By mevans336 on 1/24/2012 5:56:43 PM , Rating: 2
Should be just a matter of time until an LTE iPhone will be among us. I'm sure they're working on the battery drain conundrum.

The iPhone won't solve the problem of simultaneous voice and data on an EVDO or LTE network, you need Voice-over-LTE (VoLTE) for that. On all 4G LTE phones, voice calls still go over the 3G EVDO or 1xRTT CDMA network, not the LTE network.

FWIW, Verizon just delayed VoLTE deployment until 2013:

As far as an LTE iPhone, we'll probably see one in the 4th Quarter of this year when 28nm SoC LTE chips are available:

RE: Wait for it...
By sprockkets on 1/24/2012 7:05:58 PM , Rating: 2
You can always do voice over the usual CDMA and data over LTE at the same time. It's already done this way with Sprint.

RE: Wait for it...
By tayb on 1/24/2012 7:12:25 PM , Rating: 2
Yeah but the battery life is horrendous. I have no desire to own a 4G phone right now because I actually value battery life on my phone and I have yet to see a 4G model get positive reviews for battery life.

RE: Wait for it...
By sprockkets on 1/24/2012 7:31:35 PM , Rating: 2
Just flip the 4G on when you need it - problem solved. That and those tests are browsing 100% of the time.

RE: Wait for it...
By Chaser on 1/25/2012 8:37:03 AM , Rating: 2
I have to chime in here because I agree with you completely. well until now. I have the new AT&T GII Skyrocket in an LTE city, Washington DC. LTE stays on all day, I use the phone moderately, and it easily goes 16 hours with battery life to spare.

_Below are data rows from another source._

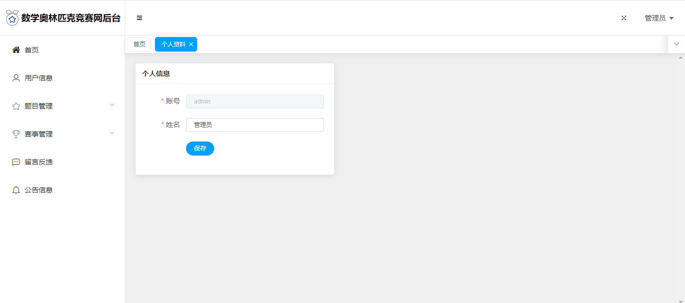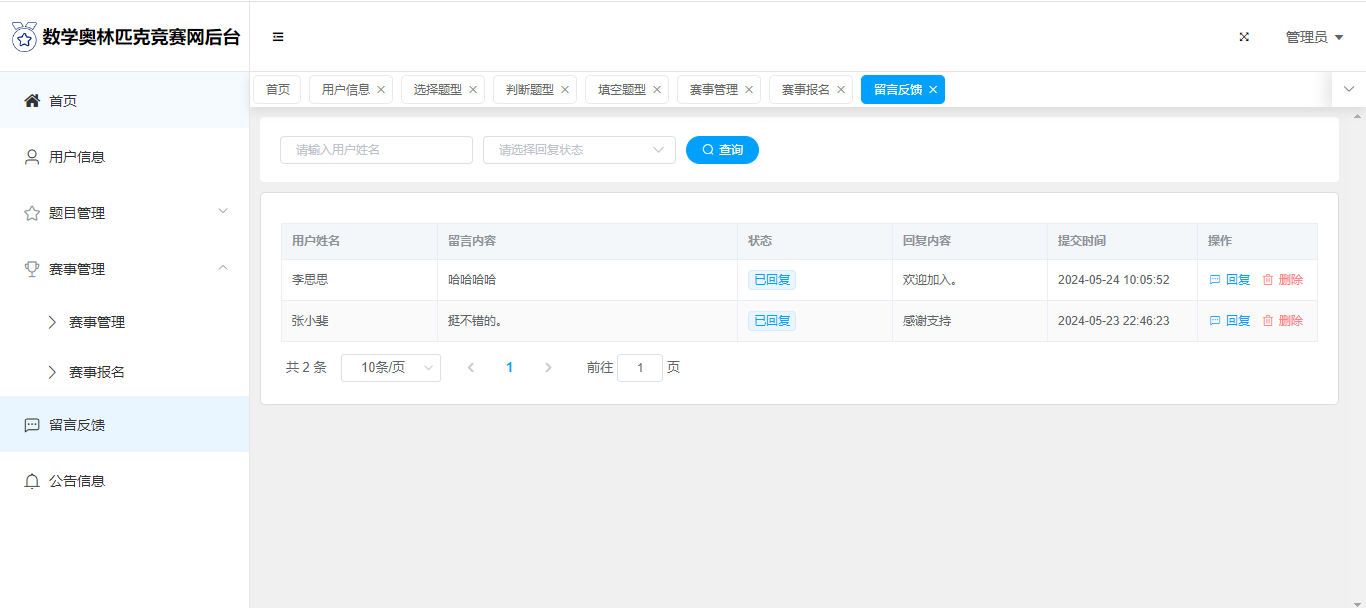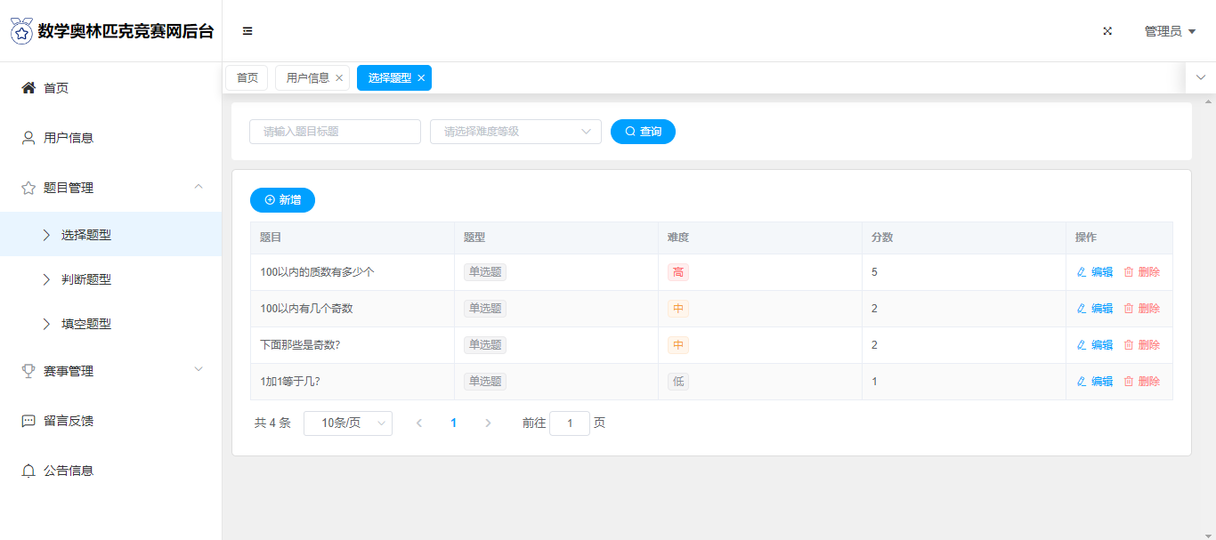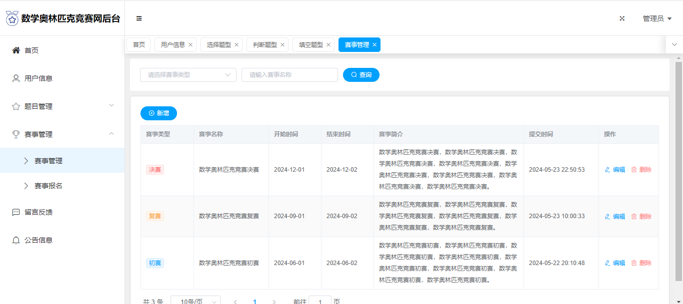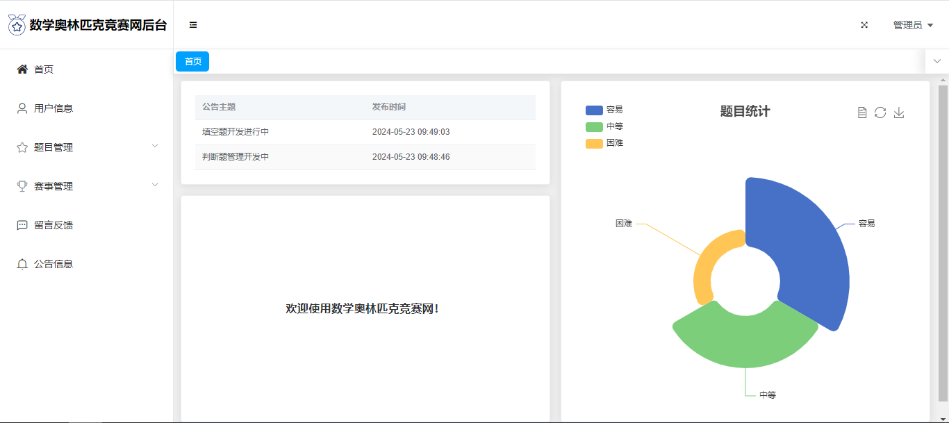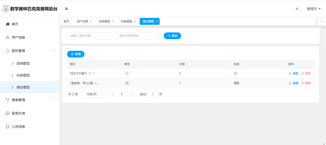 管理员:首页统计、用户管理;题目管理(选择题管理、判断题管理、填空题管理);赛事管理(赛事管理、赛事报名);留言反馈;公告信息;个人信息;密码修改;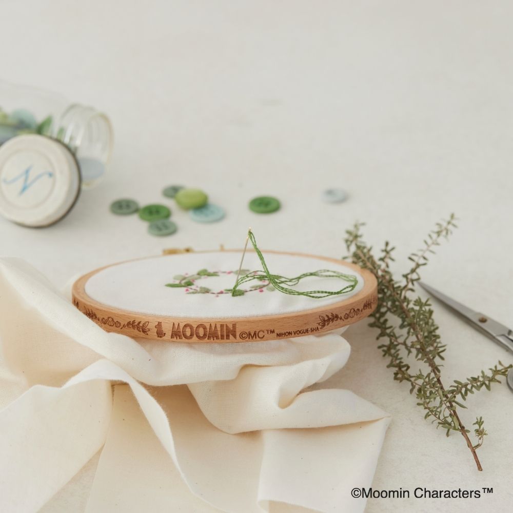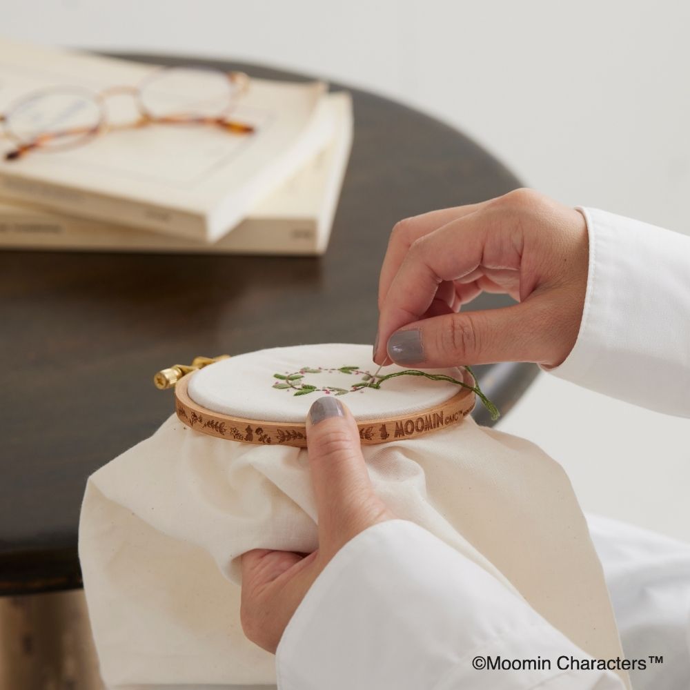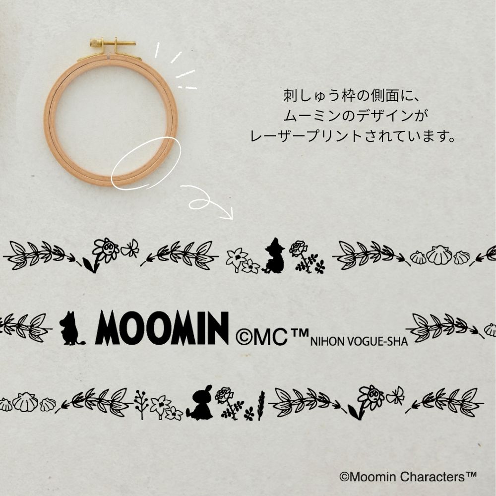 刺しゅう枠の側面に、ムーミントロール・リトルミイ・スナフキンのシルエットと、ボタニカルなイラストがプリントされています。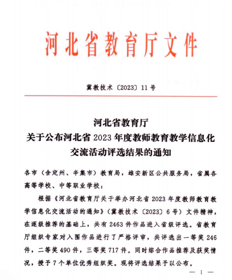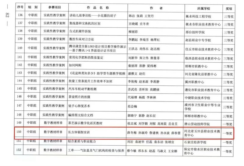 喜报!依据河北省教育厅发布的《关于公布河北省2023年度教师教育教学信息化交流活动评选结果的通知》,我校薛冬梅、孙书玲、鲁建秋、孙永波、薛春蕾五位教师的参赛作品《长方体锯削实训》斩获数字教材样章项目一等奖,同时入围国赛。

Compared to other 4G phones I have had the Skyrocket does a remarkably well with battery life. And I might add I'm getting 30Mbps downloads and 10Mbps uploads here too. :)

RE: Wait for it...
By sprockkets on 1/25/2012 1:38:43 PM , Rating: 2
Once that phone gets ICS it's the phone to get IMHO, especially the white one :-) I hate Att though.

RE: Wait for it...
By sprockkets on 1/24/2012 9:13:18 PM , Rating: 3
Why the hell would someone rate down a factual post on how the EVO works???